- [WORK INSTRUCTIONS] Every line of the material below should be output exactly as written, with the images skipped.

- [DATASET EXCERPT]
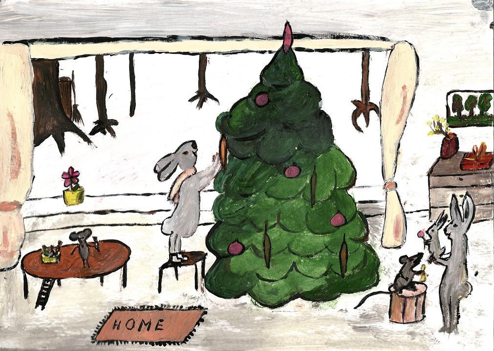 Дед Мороз вошёл в гостиную. Посреди комнаты стояла высокая нарядная ель. Вокруг суетились зайцы, пытаясь стянуть конфеты в виде морковки, специально подвешенные повыше.
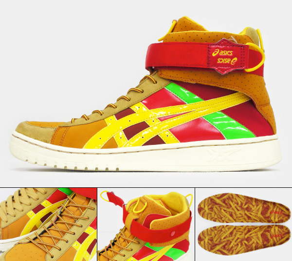 Most sneakerheads are probably familiar with Olle Hemmendorff’s rendition of the Nike Air Max 90 as a hamburger. Even if you didn’t know the artist’s name, it’s an image that’s likely to stick with you. This collaborative effort between Japanese retailer GETTRY and Chinese powerhouse Asics takes the idea to a new level. The GETTRY x Asics Procourt AR ‘Hamburger’ edition stands out as one of the more outrageous sneaker designs in recent memory. They feature a tonal brown base to symbolize the bun and french fries, while colourful strips evoke various condiments. Inside you’ll find a photo-realistic french fry insole, while Timberland-like corded laces tie the whole thing together. Hungry? Why wait — cop these now from GETTRY.
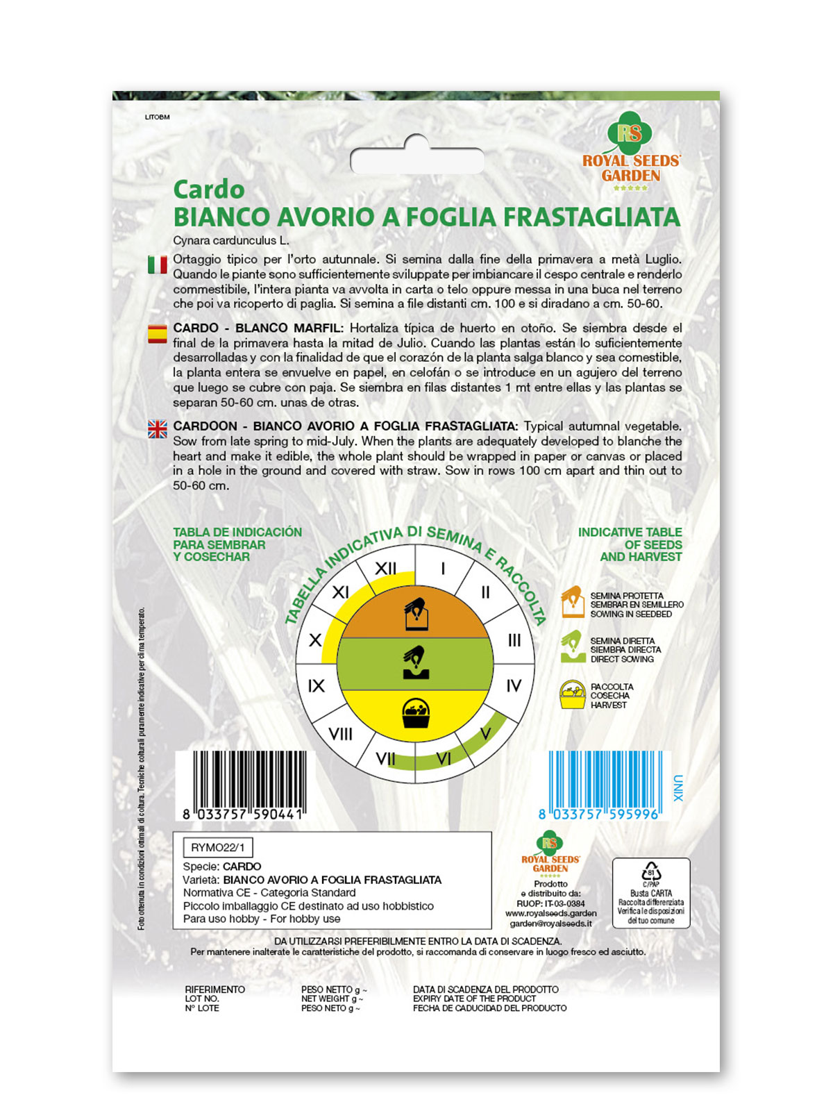 Cardo bianco avorio a foglia frastagliata – Ortaggio tipico per l’orto autunnale. Si semina dalla fine della primavera a metà Luglio. Quando le piante sono sufficientemente sviluppate per imbiancare il cespo centrale e renderlo commestibile, l’intera pianta va avvolta in carta o telo oppure messa in una buca nel terreno che poi va ricoperto di paglia. Si semina a file distanti cm. 100 e si diradano a cm. 50-60.
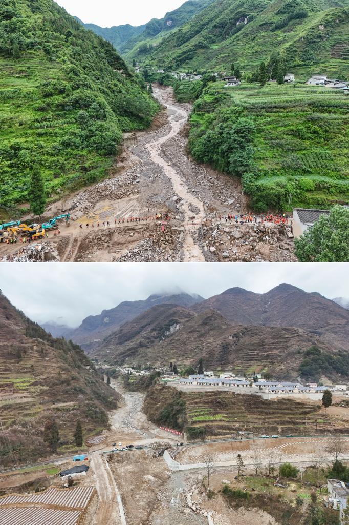 拼版照片:上图是2024年7月21日拍摄的四川省雅安市汉源县马烈乡新华村搜救现场(无人机照片)。新华社记者 王曦 摄;下图是2025年1月25日拍摄的完成灾后重建安置点和耕地恢复的新华村(无人机照片)。新华社记者 王曦 摄

- [ANSWER TO THIS PROBLEM]
 Дед Мороз вошёл в гостиную. Посреди комнаты стояла высокая нарядная ель. Вокруг суетились зайцы, пытаясь стянуть конфеты в виде морковки, специально подвешенные повыше.
 Most sneakerheads are probably familiar with Olle Hemmendorff’s rendition of the Nike Air Max 90 as a hamburger. Even if you didn’t know the artist’s name, it’s an image that’s likely to stick with you. This collaborative effort between Japanese retailer GETTRY and Chinese powerhouse Asics takes the idea to a new level. The GETTRY x Asics Procourt AR ‘Hamburger’ edition stands out as one of the more outrageous sneaker designs in recent memory. They feature a tonal brown base to symbolize the bun and french fries, while colourful strips evoke various condiments. Inside you’ll find a photo-realistic french fry insole, while Timberland-like corded laces tie the whole thing together. Hungry? Why wait — cop these now from GETTRY.
 Cardo bianco avorio a foglia frastagliata – Ortaggio tipico per l’orto autunnale. Si semina dalla fine della primavera a metà Luglio. Quando le piante sono sufficientemente sviluppate per imbiancare il cespo centrale e renderlo commestibile, l’intera pianta va avvolta in carta o telo oppure messa in una buca nel terreno che poi va ricoperto di paglia. Si semina a file distanti cm. 100 e si diradano a cm. 50-60.
 拼版照片:上图是2024年7月21日拍摄的四川省雅安市汉源县马烈乡新华村搜救现场(无人机照片)。新华社记者 王曦 摄;下图是2025年1月25日拍摄的完成灾后重建安置点和耕地恢复的新华村(无人机照片)。新华社记者 王曦 摄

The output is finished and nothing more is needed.